Write down exactly what lies from the line containing "This is a beautiful" to the end of the records, inclusive, and omit the pictures.

Top of Recorded information

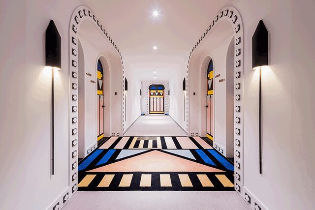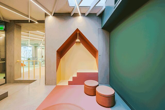 Located within Deqing Kaiyuan Senbo Resort Park in Hyzhou, China, the fantastical Magic Hotel from Shanghai firm X+Living evokes childlike wonder from the public spaces to the guestrooms and everything in between. Whether its smallest guests are sliding down the two slides or playing in the fifth-floor treehouse, geometric shapes and a kaleidoscope of color combinations reign. The style, informed by the Memphis Movement, takes a toned-down approach in guestrooms, where muted pink hues are a welcome respite from the boisterous tones in the public spaces. “This hotel not only provides a cozy and playful children’s paradise,” says X+Living president and chief designer Li Xiang, “but it’s also a calm and comfortable hotel.”
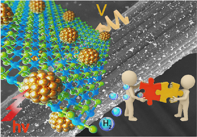 該論文通過理論計算和實(shí)驗(yàn)結(jié)果,詳細(xì)報道了金納米等離子體在超小二硫化鉬納米片載體上的自發(fā)生長過程。通過調(diào)節(jié)反應(yīng)進(jìn)程可控制材料的生長,從而得到多種形貌可調(diào)控的金/二硫化鉬異質(zhì)結(jié)復(fù)合物。基于該合成方法,該文探究了等離子體激發(fā)熱電子對二硫化鉬缺陷催化活性增強(qiáng)作用的影響,證實(shí)了熱電子對活性位點(diǎn)催化促進(jìn)效應(yīng)具有距離依賴相關(guān)性。當(dāng)作為熱電子給體的等離子金納米靠近二硫化鉬缺陷時,光輻射對電催化效率具有最高的增強(qiáng)作用。此外,該論文還指出,二硫化鉬納米片平面修飾的金納米能夠?yàn)殡娀瘜W(xué)過程提供導(dǎo)電電子傳輸通道,保證等離子增強(qiáng)電催化作用的穩(wěn)定性。該論文作為二維材料領(lǐng)域的重要研究成果,為接下來在異質(zhì)結(jié)器件和等離子協(xié)同電催化方面研究提供了實(shí)驗(yàn)支持和理論基礎(chǔ)。
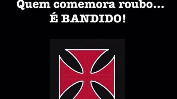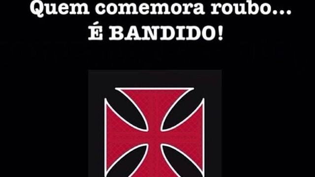 Na imagem, a frase “Quem comemora roubo ... é BANDIDO” aparece no símbolo do clube pedindo respeito.
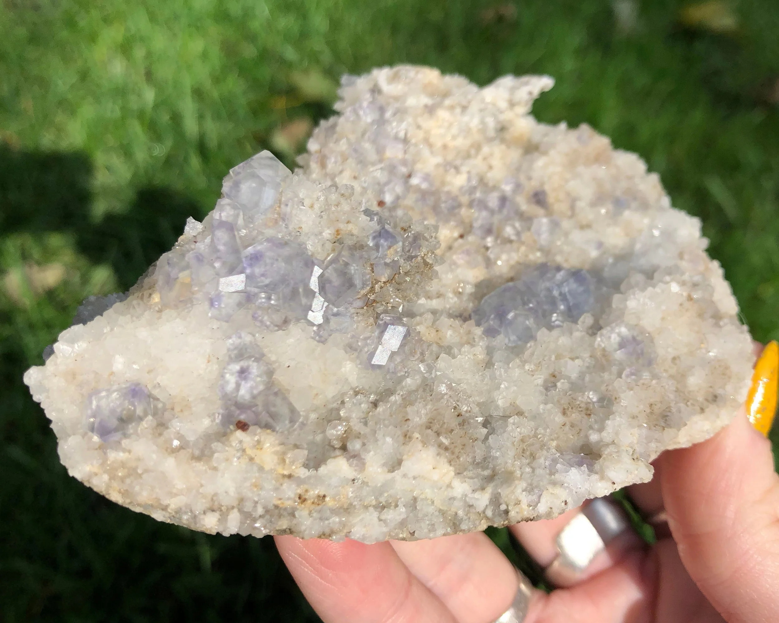 This is a beautiful specimen of Fluorite crystals that are both blue and purple, on sparkling white druzy Quartz. The colors are super pretty together and the contrast against the glittering white is awesome :) This piece is double sided, with the 'bottom' having some more sparkly druzy Quartz :)
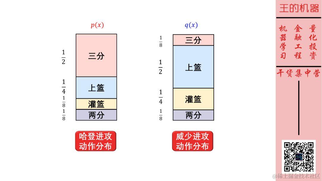 回到我们的场景,把哈登动作分布称为 p 分布,把威少动作分布称为 q 分布,那么 p 分布对 q 分布的 KL 散度定义为
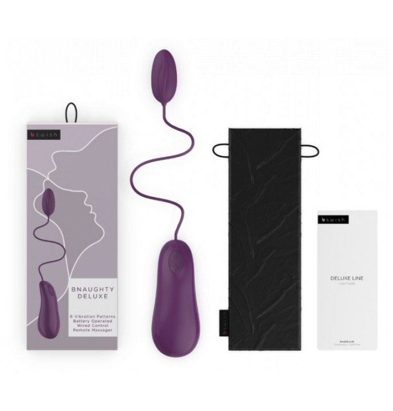 Виброяйцо Bnaughty Deluxe с пультом управления подходит для мягкой стимуляции эрогенных зон. Проводной пульт дистанционного управления облегчает использование игрушки и позволяет доверить управление партнеру.
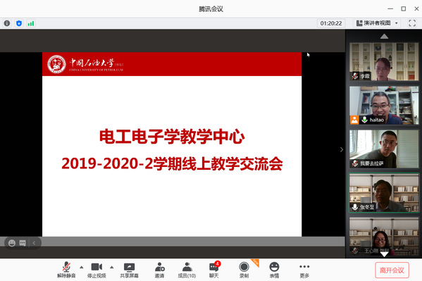8月25日,电工电子学教学中心召开全体教师网络视频会议,全面总结研讨2020年春,夏两学期的线上教学工作。会议由教学主任时海涛主持。

Bottom of Recorded information

◆ Finished exercise ◆
 This is a beautiful specimen of Fluorite crystals that are both blue and purple, on sparkling white druzy Quartz. The colors are super pretty together and the contrast against the glittering white is awesome :) This piece is double sided, with the 'bottom' having some more sparkly druzy Quartz :)
 回到我们的场景,把哈登动作分布称为 p 分布,把威少动作分布称为 q 分布,那么 p 分布对 q 分布的 KL 散度定义为
 Виброяйцо Bnaughty Deluxe с пультом управления подходит для мягкой стимуляции эрогенных зон. Проводной пульт дистанционного управления облегчает использование игрушки и позволяет доверить управление партнеру.
8月25日,电工电子学教学中心召开全体教师网络视频会议,全面总结研讨2020年春,夏两学期的线上教学工作。会议由教学主任时海涛主持。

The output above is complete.